When I was a kid, Louis Prima, whose grumbling and grizzled voice was a constant soundtrack in the homes of my family, was known as “Uncle Louie.” Whenever Frankie Valli would come on the radio, my mother would remind me he was from Newark, just a few neighborhoods over from where I was born. Frankie’s voice would then lead her down a wormhole, reminiscing about my birth and how she chose the doctor who delivered me because he had “a nice Italian name.” We were constantly reminded of Frank Sinatra’s connection to Hoboken, the oeuvres of DeNiro and Pacino, and the civic import of Fiorello LaGuardia.

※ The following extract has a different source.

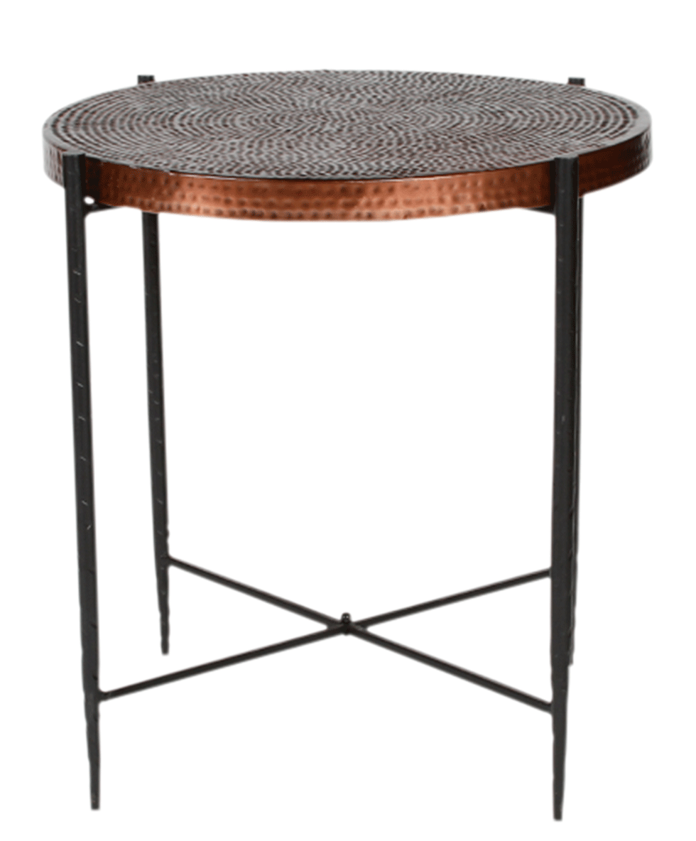 An exquisite, hammered copper lounge table featuring sleek, tailored black metal legs
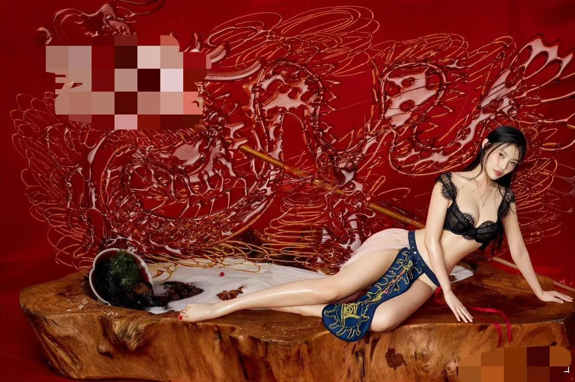 徐冬冬侧躺着便是一番美景,S型的火辣曲线搭配上她妩媚的面孔,从头美到脚,人间绝色也不过如此。

Even beyond the famous ones, I feel a connection to the people of my community if for no other reason than they understand what it means to be an Italian-American (yes, even the guidos). They know exactly what my Sunday dinners looked and sounded like when we were younger; they know that our Thanksgiving tables boasted more lasagna, more baked ziti, more stuffed shelves, and more Chianti than it ever did stuffing and turkey and cranberry sauce; they know the way their ears perk up when they hear my last name, just as mine did when I heard theirs; they know the taste of those always-kind-of-stale Jordan almonds, and the feel of hot summer skin sticking to a plastic couch cover. They know the wrath of a hot-blooded parent but also the boundless love of that same person. And if they’re anything like my family, which, likely they are, they can’t help but smile anytime Uncle Louie comes on the stereo.
And just like all of those people, Coach Mass is a part of my big, extended, ceaseless Italian-American family. Coach Mass understood that a great big bowl of linguini and clams was so much more than some pasta with some sauce. Coach Mass understood what that dish meant to all of us, because it probably meant something very similar to him; something like family.
But as we sit down before the great big bowl of linguini and clams on those weekend nights and raise a glass to Coach Mass, it’s never more apparent to me how much my kids aren’t Italian-American.
Sure, a few of their great-grandparents were full-blooded Italians, children of immigrants, the first American-born children in their families. And their grandparents were raised in the stereotypical New York/New Jersey Italian-American style. And their father was just one small part of a big, loud, hungry Italian-American family. But my kids are as much Russian-Jew as they are Italian-American, as much Mayflower Brits as they are Venutolos or Mantovanis.
They’ll never understand what a real Sunday dinner looked and sounded like back in the day or what it felt like to sit on those hard pews every Sunday or how their grandmother’s hands looked after a morning spent making her own pasta.
But as long as we have this great big bowl of linguini and clams and as long as I tell them stories of my mother and her sisters and those big, loud Sunday dinners and as long as they know Uncle Louie, they’ll know those people are their people, somehow, someway. They’ll know that those people understood what this great big bowl of linguine and clams means, even if they have no idea who Rollie Massimino ever was.
YES!!!!!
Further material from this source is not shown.